→ What is needed: Here is the task for the listing below: output exactly the lines from the one containing "V horním podlaží" through the one containing "На территории крепости", and leave out the pictures.

→ Recorded data:
BEGIN
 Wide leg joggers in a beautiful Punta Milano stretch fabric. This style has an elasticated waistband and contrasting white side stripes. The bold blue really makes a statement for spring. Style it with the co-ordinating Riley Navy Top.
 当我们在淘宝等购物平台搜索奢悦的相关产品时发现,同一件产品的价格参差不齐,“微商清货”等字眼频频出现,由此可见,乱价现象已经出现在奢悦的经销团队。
END
BEGIN
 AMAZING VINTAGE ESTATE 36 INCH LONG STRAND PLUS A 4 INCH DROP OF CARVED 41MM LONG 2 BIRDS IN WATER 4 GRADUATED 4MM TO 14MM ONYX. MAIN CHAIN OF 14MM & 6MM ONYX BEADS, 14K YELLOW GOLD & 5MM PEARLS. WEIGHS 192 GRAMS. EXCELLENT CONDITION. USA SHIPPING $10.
END
BEGIN
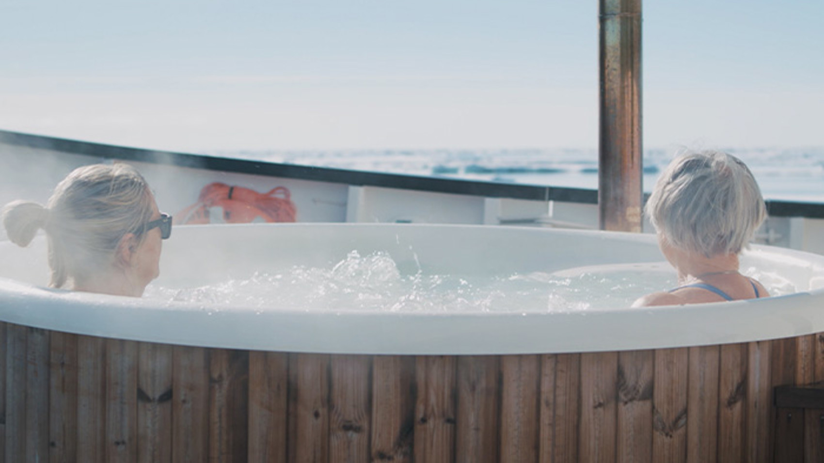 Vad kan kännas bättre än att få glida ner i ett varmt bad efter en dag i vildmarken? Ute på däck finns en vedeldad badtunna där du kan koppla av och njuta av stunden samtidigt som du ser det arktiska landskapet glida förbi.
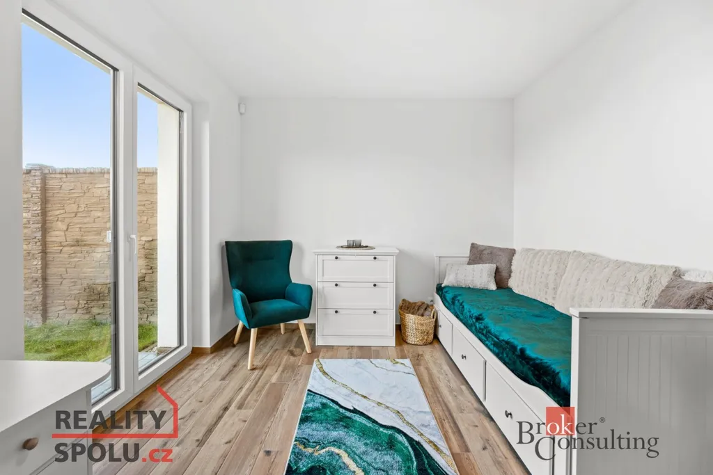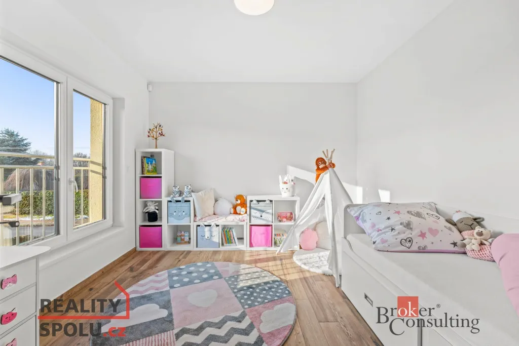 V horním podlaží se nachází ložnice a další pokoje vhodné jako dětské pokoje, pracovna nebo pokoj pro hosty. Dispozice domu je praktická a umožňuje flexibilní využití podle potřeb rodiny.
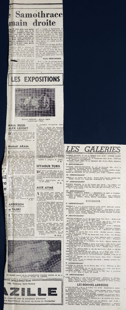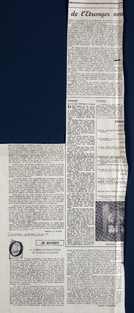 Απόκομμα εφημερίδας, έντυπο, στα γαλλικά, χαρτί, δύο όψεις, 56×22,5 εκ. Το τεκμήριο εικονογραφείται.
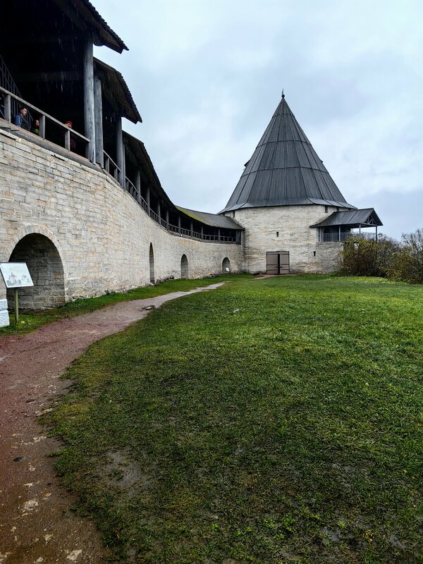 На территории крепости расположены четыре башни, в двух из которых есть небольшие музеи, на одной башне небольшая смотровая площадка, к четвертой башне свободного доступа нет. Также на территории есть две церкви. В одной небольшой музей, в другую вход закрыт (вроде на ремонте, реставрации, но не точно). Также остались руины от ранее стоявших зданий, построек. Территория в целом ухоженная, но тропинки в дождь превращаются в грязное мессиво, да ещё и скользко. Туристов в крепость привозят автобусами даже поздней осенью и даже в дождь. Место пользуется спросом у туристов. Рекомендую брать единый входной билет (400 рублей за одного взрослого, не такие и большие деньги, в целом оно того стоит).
END
→ Finished task:
 V horním podlaží se nachází ložnice a další pokoje vhodné jako dětské pokoje, pracovna nebo pokoj pro hosty. Dispozice domu je praktická a umožňuje flexibilní využití podle potřeb rodiny.
 Απόκομμα εφημερίδας, έντυπο, στα γαλλικά, χαρτί, δύο όψεις, 56×22,5 εκ. Το τεκμήριο εικονογραφείται.
 На территории крепости расположены четыре башни, в двух из которых есть небольшие музеи, на одной башне небольшая смотровая площадка, к четвертой башне свободного доступа нет. Также на территории есть две церкви. В одной небольшой музей, в другую вход закрыт (вроде на ремонте, реставрации, но не точно). Также остались руины от ранее стоявших зданий, построек. Территория в целом ухоженная, но тропинки в дождь превращаются в грязное мессиво, да ещё и скользко. Туристов в крепость привозят автобусами даже поздней осенью и даже в дождь. Место пользуется спросом у туристов. Рекомендую брать единый входной билет (400 рублей за одного взрослого, не такие и большие деньги, в целом оно того стоит).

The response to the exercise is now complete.